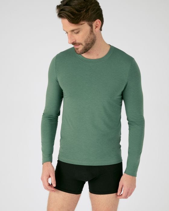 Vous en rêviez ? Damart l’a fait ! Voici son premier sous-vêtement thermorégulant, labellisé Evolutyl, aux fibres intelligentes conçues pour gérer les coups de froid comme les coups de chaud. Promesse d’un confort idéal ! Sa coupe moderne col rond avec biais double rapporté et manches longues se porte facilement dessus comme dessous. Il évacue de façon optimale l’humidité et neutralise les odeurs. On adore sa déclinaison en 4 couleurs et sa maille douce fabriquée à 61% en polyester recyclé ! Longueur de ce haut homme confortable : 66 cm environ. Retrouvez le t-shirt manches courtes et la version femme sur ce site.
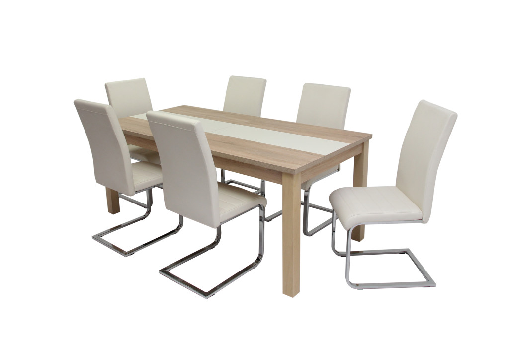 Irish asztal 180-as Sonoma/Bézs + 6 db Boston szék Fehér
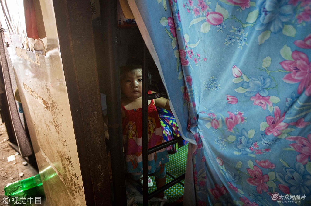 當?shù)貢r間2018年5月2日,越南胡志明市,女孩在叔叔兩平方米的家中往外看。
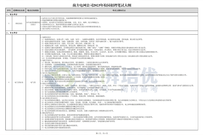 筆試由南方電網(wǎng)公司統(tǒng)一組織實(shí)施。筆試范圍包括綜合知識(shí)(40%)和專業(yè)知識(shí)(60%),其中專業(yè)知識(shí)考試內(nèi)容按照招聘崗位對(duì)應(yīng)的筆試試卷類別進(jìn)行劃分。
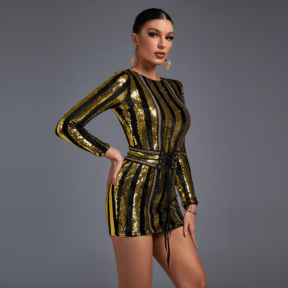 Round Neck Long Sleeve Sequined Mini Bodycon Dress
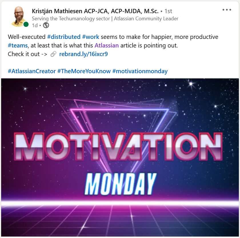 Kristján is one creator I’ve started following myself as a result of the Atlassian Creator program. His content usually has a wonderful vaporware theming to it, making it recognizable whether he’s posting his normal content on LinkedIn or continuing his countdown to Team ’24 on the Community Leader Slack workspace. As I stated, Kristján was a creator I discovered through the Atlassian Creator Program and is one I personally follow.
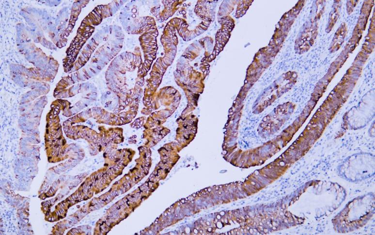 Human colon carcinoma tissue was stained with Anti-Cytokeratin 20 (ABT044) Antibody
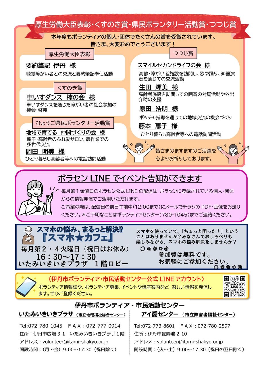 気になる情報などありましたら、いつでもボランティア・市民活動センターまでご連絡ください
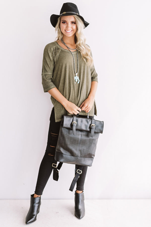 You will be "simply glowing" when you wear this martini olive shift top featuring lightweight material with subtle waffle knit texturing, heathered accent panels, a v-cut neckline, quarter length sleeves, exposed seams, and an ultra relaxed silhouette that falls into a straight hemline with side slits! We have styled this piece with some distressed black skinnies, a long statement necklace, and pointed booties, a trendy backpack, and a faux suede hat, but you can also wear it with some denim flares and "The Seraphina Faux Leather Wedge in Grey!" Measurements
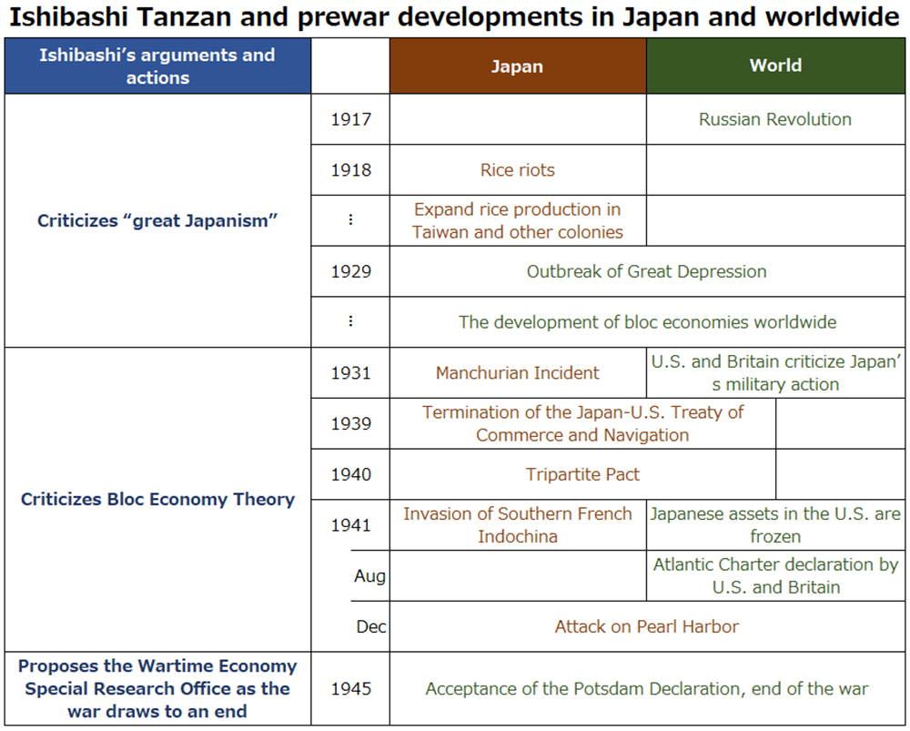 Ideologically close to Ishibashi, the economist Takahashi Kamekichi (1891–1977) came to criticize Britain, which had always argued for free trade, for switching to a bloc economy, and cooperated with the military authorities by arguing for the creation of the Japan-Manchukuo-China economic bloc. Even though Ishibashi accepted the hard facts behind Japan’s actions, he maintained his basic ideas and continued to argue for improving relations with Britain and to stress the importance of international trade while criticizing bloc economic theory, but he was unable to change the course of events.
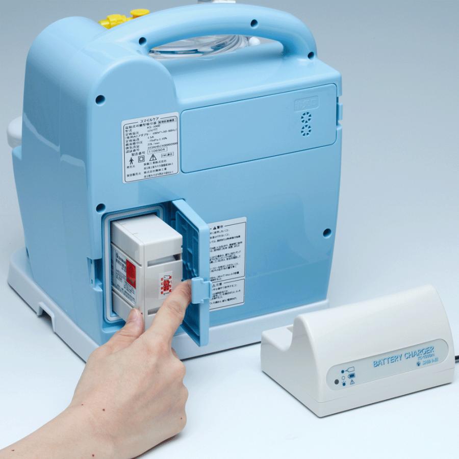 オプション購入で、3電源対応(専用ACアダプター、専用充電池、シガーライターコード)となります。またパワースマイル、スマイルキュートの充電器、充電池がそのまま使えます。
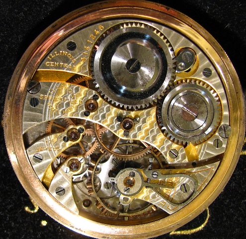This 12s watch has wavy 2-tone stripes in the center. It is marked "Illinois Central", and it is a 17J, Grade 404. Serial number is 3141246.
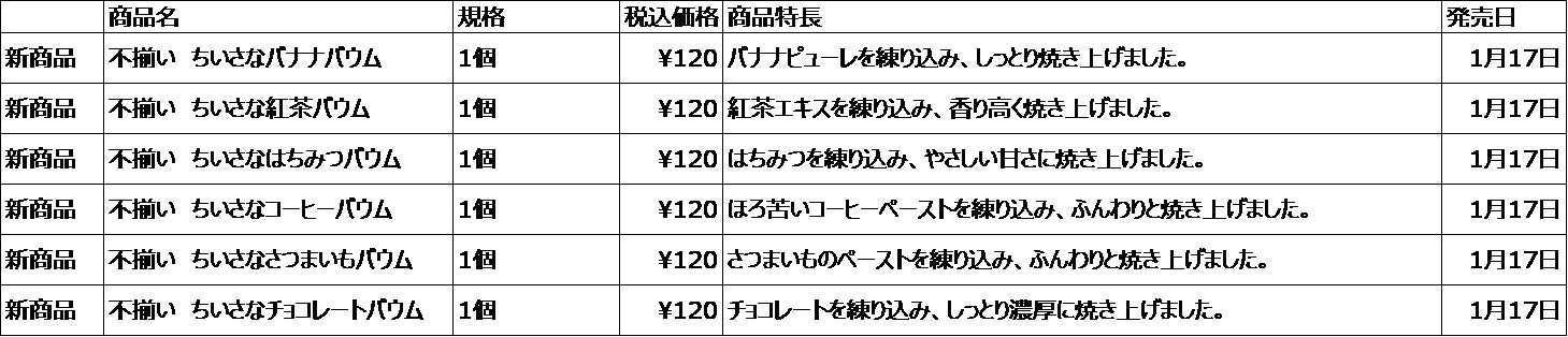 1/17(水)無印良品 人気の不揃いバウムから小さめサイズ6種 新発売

* * *

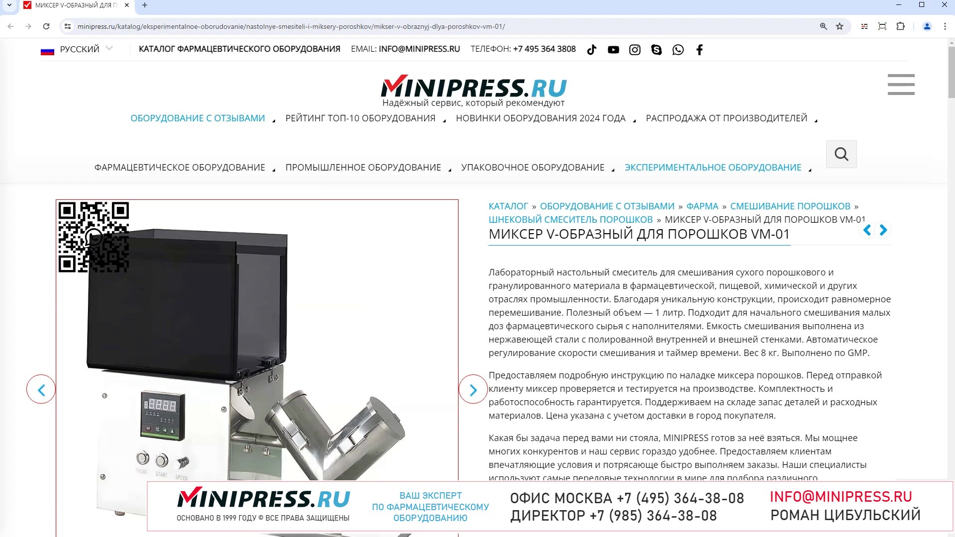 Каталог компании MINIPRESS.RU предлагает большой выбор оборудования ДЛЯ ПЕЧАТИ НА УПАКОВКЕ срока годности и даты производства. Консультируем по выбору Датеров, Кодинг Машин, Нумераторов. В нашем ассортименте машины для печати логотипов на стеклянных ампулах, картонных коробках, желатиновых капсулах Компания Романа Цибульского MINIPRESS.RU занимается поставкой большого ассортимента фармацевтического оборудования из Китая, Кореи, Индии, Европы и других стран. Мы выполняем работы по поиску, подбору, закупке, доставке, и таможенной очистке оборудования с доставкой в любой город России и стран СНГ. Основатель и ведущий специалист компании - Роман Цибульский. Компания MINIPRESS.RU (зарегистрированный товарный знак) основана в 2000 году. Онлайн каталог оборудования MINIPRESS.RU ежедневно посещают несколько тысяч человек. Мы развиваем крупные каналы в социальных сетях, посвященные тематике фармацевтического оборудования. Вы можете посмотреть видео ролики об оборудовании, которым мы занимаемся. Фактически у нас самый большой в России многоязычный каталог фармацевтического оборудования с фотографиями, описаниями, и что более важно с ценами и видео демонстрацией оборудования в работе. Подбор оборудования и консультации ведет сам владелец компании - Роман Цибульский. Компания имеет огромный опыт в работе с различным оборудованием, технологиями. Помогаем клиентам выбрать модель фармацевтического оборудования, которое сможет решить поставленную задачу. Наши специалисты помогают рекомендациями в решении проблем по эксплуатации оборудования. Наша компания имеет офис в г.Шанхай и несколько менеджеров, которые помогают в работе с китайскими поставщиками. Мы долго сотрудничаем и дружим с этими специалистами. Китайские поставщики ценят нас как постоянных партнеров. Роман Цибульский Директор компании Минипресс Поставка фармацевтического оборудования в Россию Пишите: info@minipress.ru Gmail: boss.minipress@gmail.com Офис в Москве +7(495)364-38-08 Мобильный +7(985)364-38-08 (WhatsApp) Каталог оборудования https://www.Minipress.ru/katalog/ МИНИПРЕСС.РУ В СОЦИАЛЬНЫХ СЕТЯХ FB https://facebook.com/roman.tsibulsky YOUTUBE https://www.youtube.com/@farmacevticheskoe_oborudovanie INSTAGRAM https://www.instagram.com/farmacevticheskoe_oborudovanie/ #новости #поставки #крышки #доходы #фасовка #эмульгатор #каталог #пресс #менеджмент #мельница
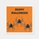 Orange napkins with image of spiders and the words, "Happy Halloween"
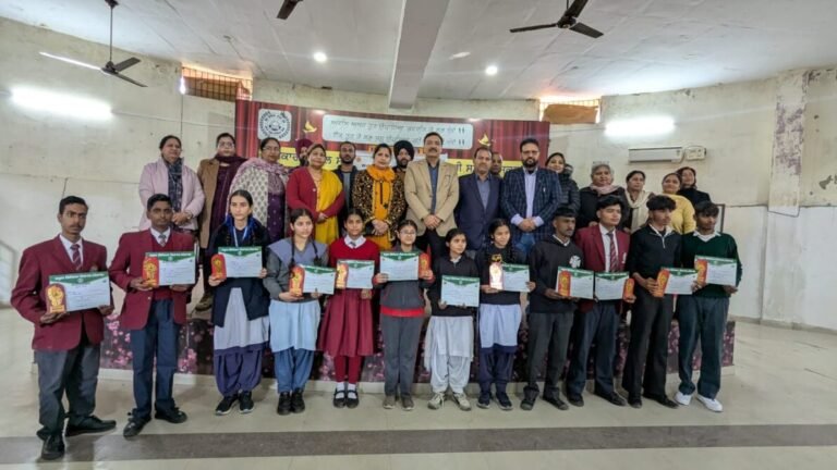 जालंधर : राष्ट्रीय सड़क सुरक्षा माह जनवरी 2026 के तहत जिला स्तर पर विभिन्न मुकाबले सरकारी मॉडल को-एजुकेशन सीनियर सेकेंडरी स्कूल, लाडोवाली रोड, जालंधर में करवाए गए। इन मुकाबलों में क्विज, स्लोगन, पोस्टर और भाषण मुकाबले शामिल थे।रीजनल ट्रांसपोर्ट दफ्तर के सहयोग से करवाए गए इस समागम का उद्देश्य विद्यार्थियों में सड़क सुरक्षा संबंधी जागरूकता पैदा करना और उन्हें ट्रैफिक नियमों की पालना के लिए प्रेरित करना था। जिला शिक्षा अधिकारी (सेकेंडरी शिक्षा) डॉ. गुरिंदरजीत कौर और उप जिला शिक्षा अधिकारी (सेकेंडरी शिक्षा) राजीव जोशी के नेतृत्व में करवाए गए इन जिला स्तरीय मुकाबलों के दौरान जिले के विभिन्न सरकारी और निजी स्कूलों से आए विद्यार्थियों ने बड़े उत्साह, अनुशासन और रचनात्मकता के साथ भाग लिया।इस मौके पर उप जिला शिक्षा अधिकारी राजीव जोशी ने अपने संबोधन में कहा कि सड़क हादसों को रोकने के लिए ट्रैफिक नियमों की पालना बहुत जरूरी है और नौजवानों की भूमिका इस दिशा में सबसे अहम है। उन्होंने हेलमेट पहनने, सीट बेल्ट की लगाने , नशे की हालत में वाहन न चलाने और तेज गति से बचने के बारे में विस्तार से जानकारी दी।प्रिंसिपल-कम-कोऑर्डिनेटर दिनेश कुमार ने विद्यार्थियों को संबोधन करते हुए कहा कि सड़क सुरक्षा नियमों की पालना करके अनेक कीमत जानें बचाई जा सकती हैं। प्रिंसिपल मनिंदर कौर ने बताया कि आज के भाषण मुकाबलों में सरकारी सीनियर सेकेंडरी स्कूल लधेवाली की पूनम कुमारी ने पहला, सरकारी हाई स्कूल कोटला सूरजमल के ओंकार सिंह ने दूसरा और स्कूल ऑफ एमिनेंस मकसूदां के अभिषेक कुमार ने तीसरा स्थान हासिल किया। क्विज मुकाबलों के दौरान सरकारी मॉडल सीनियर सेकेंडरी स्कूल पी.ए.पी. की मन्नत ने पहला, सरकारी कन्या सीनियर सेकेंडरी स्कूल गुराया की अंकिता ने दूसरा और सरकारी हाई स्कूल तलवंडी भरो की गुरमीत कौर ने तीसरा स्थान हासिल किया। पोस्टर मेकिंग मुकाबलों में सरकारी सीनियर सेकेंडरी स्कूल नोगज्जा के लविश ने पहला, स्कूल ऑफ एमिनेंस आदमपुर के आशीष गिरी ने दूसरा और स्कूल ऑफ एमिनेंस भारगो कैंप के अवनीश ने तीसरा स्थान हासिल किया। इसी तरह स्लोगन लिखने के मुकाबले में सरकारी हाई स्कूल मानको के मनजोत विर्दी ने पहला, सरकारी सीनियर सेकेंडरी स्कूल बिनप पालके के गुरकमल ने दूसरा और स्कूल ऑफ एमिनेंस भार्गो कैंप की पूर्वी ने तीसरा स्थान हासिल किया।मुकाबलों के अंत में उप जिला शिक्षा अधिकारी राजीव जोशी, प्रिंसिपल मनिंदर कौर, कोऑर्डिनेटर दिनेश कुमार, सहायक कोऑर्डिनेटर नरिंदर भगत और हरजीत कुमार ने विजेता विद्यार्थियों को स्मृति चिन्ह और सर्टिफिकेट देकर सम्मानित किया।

---

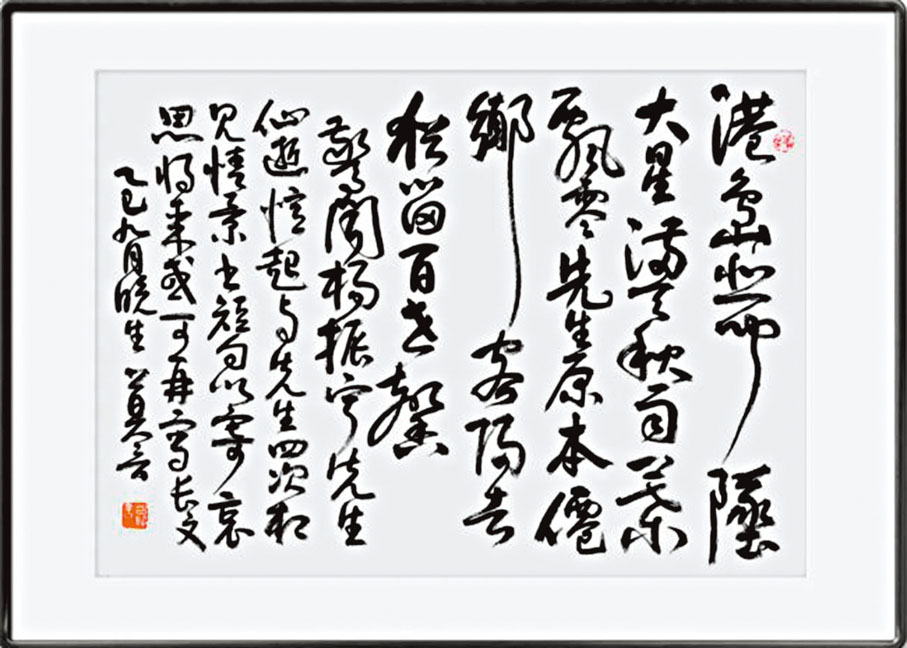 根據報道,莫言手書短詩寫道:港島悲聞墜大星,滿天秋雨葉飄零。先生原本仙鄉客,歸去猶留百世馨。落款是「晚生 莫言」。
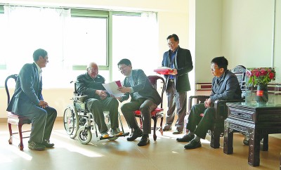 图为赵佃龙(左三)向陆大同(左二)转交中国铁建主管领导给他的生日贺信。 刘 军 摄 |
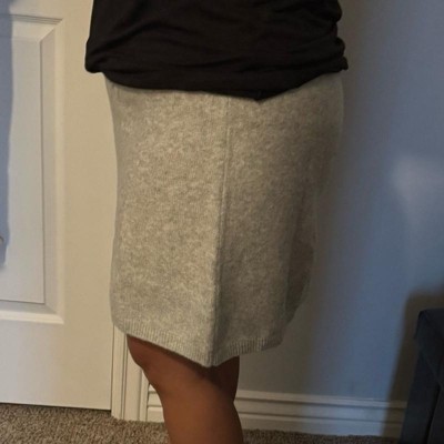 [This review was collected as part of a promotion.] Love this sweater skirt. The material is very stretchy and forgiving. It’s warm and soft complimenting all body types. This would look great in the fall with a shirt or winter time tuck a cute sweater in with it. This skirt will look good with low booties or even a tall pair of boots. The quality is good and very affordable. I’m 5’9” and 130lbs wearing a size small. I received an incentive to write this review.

**YOUR OBJECTIVE**
From the entries above, copy exactly the lines starting at the one with "Round Neck Long" and stopping at the one with "Ideologically close to", keeping both ends. Drop the pictures.

**EXERCISE ANSWER**
 Round Neck Long Sleeve Sequined Mini Bodycon Dress
 Kristján is one creator I’ve started following myself as a result of the Atlassian Creator program. His content usually has a wonderful vaporware theming to it, making it recognizable whether he’s posting his normal content on LinkedIn or continuing his countdown to Team ’24 on the Community Leader Slack workspace. As I stated, Kristján was a creator I discovered through the Atlassian Creator Program and is one I personally follow.
 Human colon carcinoma tissue was stained with Anti-Cytokeratin 20 (ABT044) Antibody
 気になる情報などありましたら、いつでもボランティア・市民活動センターまでご連絡ください
 You will be "simply glowing" when you wear this martini olive shift top featuring lightweight material with subtle waffle knit texturing, heathered accent panels, a v-cut neckline, quarter length sleeves, exposed seams, and an ultra relaxed silhouette that falls into a straight hemline with side slits! We have styled this piece with some distressed black skinnies, a long statement necklace, and pointed booties, a trendy backpack, and a faux suede hat, but you can also wear it with some denim flares and "The Seraphina Faux Leather Wedge in Grey!" Measurements
 Ideologically close to Ishibashi, the economist Takahashi Kamekichi (1891–1977) came to criticize Britain, which had always argued for free trade, for switching to a bloc economy, and cooperated with the military authorities by arguing for the creation of the Japan-Manchukuo-China economic bloc. Even though Ishibashi accepted the hard facts behind Japan’s actions, he maintained his basic ideas and continued to argue for improving relations with Britain and to stress the importance of international trade while criticizing bloc economic theory, but he was unable to change the course of events.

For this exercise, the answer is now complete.